The Deputy has raised a much bigger question than anything relating to this particular tariff. So far as this industry is concerned, it has always been decentralised.

That is with regard to spades.

That particular fact has relation to the question of cost. We have always been producing here the bulk of our requirements in spades. In the near future, our productive capacity in relation to spades will be substantially increased. Consequently, one may look for a decrease in price, resulting from the duty in respect of spades. Certainly there will be no increase. In relation to shovels, the same thing does not apply. We will be able to produce shovels here in or about the cost at which they are now procurable, but the cost at which they are now procurable is the cost of a highly centralised mass production firm which is supplying huge quantities of these shovels, not merely to this country, but to a number of other countries as well. The smaller unit, having proportionately larger overheads per unit of production, will not be able, except by rigid economy and efficiency in every department, to compete with that huge English firm in the matter of price. It would not be able to do that except with this measure of protection. There may be some slight increase, but the whole position will be carefully watched by my Department to secure that there is no undue increase.

If we are going to let the factor of prices determine our position as to whether or not an industry is to be established here, then we can abandon the whole idea of industrial development at once. There is no single industrial commodity which we are capable of producing here which we could not buy more cheaply somewhere. If the standard set is the lowest price at which a commodity can be produced in some factory on mass production lines or by sweated labour, then we can reconcile ourselves to the fact that we will not have any factories producing these commodities here. I am not going to set up that standard. If the conditions of the country and the resources in material and skilled workers make it reasonable to assume that we should be able to produce a particular commodity here, it will be the function of the Government to secure that that commodity is produced and that the industry is protected during the initial stages, when it is developing.

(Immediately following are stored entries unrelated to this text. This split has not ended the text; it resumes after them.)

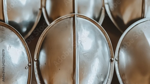 Vintage Metal Shields Displayed in a Row for Decorative Purpose
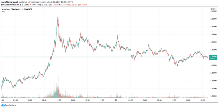 ADA trades at $1,18 with moderate losses in the 24-hour chart and sideways movement in the last hour. During the past weeks, ADA has followed the general market sentiment and present an 8.3% loss.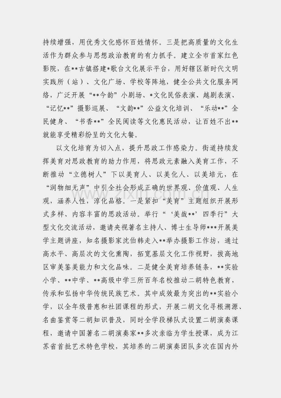 以文化培育为切入点,提升思政工作感染力。街道持续发挥美育对思政教育的助力作用,将思政元素融入美育工作,不断推动“立德树人”下以美育人、以美化人、以美培元,在“润物细无声”中引全社会形成正确的世界观、价值观、人生观,涵养人性,淳化品格。一是紧扣“美育”主题组织开展形式多样、内容丰富的思政活动。举行“‘美哉**’四季行”大型文化交流活动,邀请央视著名主持人、博士生导师***开展美学主题讲座,知名摄影家沈伯韩走入**举办摄影工作坊,通过高水平、高层次的文化熏陶,拓宽基层文化工作视野,拔高地区审美鉴美能力和文化品味。二是健全美育培养链条,**实验小学、**中学、**高级中学三所百年名校推动二胡特色教育,传承和弘扬中华传统民族艺术。其中成效最为突出的**实验小学,以全年级普惠和社团课程的形式,开展二胡文化寻根溯源、名曲鉴赏等二胡知识普及,同时全学段梯队式设置二胡演奏课程,邀请中国著名二胡演奏家**多次亲临为学生授课,成为江苏省首批艺术特色学校,其培养的二胡演奏团队多次在国内外比赛中获得大奖。三是充分发挥“最美”先进典型在思政工作中的示范引导作用。***、***、***家庭评为“全国最美”“全省最美”“全市最美”家庭,以优良家风引领文明风尚;二胡制作师**、**、**入选第五批市级非物质文化遗产代表性传承人,以非遗传承弘扬传统文化;**、**入选**好人,以“好人”精神彰显道德力量。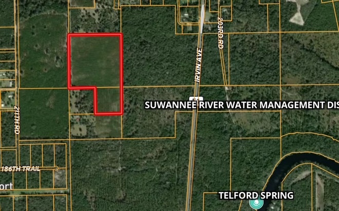 50 acres of 10-year-old planted slash pines joining STATE LANDS. Trees have been maintained to harvest straw and are ready for harvest. Property is a couple of miles to major springs, boat landing and Suwannee River and is very private. Lot of deer & turkey in this area. Electricity & fiber optics available.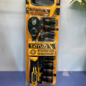 جعبه بکس 12 پارچه تات شامل 10 عدد بکس به شماره های 8،10،12،13،14،15،17،19،21،24 است و یک رابط به طول 12 سانتی متر و یک دسته جغجغه یک دوم با کیفیت عالی است.جعبه بکس 12 پارچه تی ای تی یک جعبه بکس فلزی است که 10 عدد بکس پرکاربرد همراه با یک رابط برای ایجاد اهرم بهتر و یک دسته جغجغه برای اعمال فشار برای باز و بسته کردن پیچ ها در داخل آن قرار دارد.رنگ بکس ها و اقلام همراه سیاه رنگ و کیفیت بسیار خوبی دارند. یکی از ویژگی های این جعبه بکس فلزی بودن ان است که به راحتی نمی شکند و از بکس ها و رابط در برابر فشار و ضربه مراقبت می کند.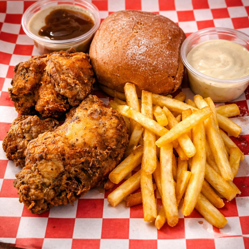 Biscuit*1 + Orden De Papas Fritas*1 + Puré De Papa*1 + Pieza De Pollo*2 + Aderezo De la casa*1
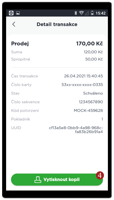 Transakce lze filtrovat dle datumu, pomocí tlačítka 2 Filtr v levém horním rohu. Před kliknutím na toto tlačítko, vyberte datum (od-do). Kliknutím na 3 transakci se zobrazí detail transakce, zároveň si můžete 4 Vytisknout kopii stvrzenky k transakci.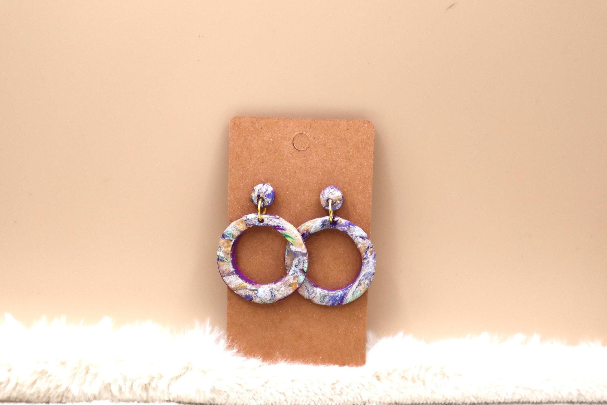 Circular Ring Purple Marble Dangle Earrings
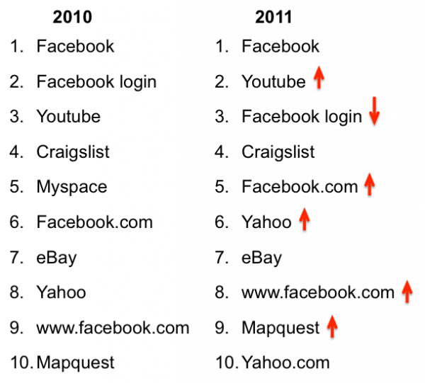 Компания Experian Hitwise объявила топ , которые искали пользователи США в 2011г. Уже третий год подряд этот список возглавляет Facebook. Объем запросов страниц этой соцсети вырос за год на 33%.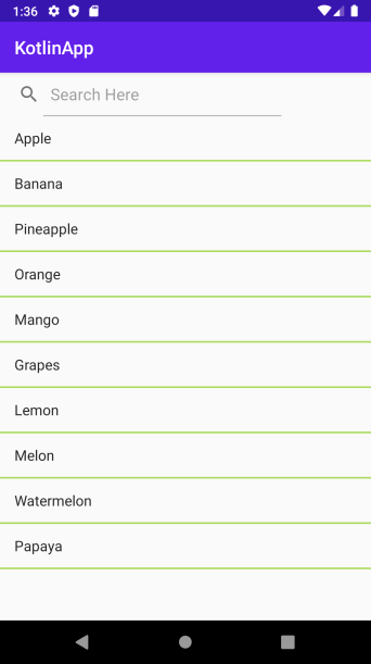 <?xml version="1.0" encoding="utf-8"?> <RelativeLayout xmlns:android="http://schemas.android.com/apk/res/android" xmlns:tools="http://schemas.android.com/tools" android:layout_width="match_parent" android:layout_height="match_parent" tools:context=".MainActivity"> <ListView android:id="@+id/listView" android:layout_width="match_parent" android:layout_height="match_parent" android:layout_below="@+id/searchView" android:divider="#ad5" android:dividerHeight="2dp" /> <SearchView android:id="@+id/searchView" android:layout_width="wrap_content" android:layout_height="wrap_content" android:layout_alignParentTop="true" android:iconifiedByDefault="false" android:queryHint="Search Here" /> </RelativeLayout>

On the main issue raised by the Deputy — decentralisation — at the moment the Government has no power to enforce decentralisation. Whether or not we will require power to enforce decentralisation has not been considered. It is, undoubtedly, the policy of the Government to encourage it, and up to the present that policy has been implemented in this way and in this way only—that we have been bringing to the notice of people proposing to engage in particular industries the special advantages which exist in particular districts. There are special advantages in Dublin, Cork and certain other centres—the advantage of being at the centre of the country's distribution system, of being close to the ports, and of having a large supply of skilled labour available. As against these advantages, there are, in a number of provincial districts, a number of local advantages which might offset those available here, and which, if brought to the notice of persons proposing to engage in industry, might induce them to locate their factories elsewhere. For a long time, however, I think the industrial centres will be the towns situated at the ports where railway and other facilities are available.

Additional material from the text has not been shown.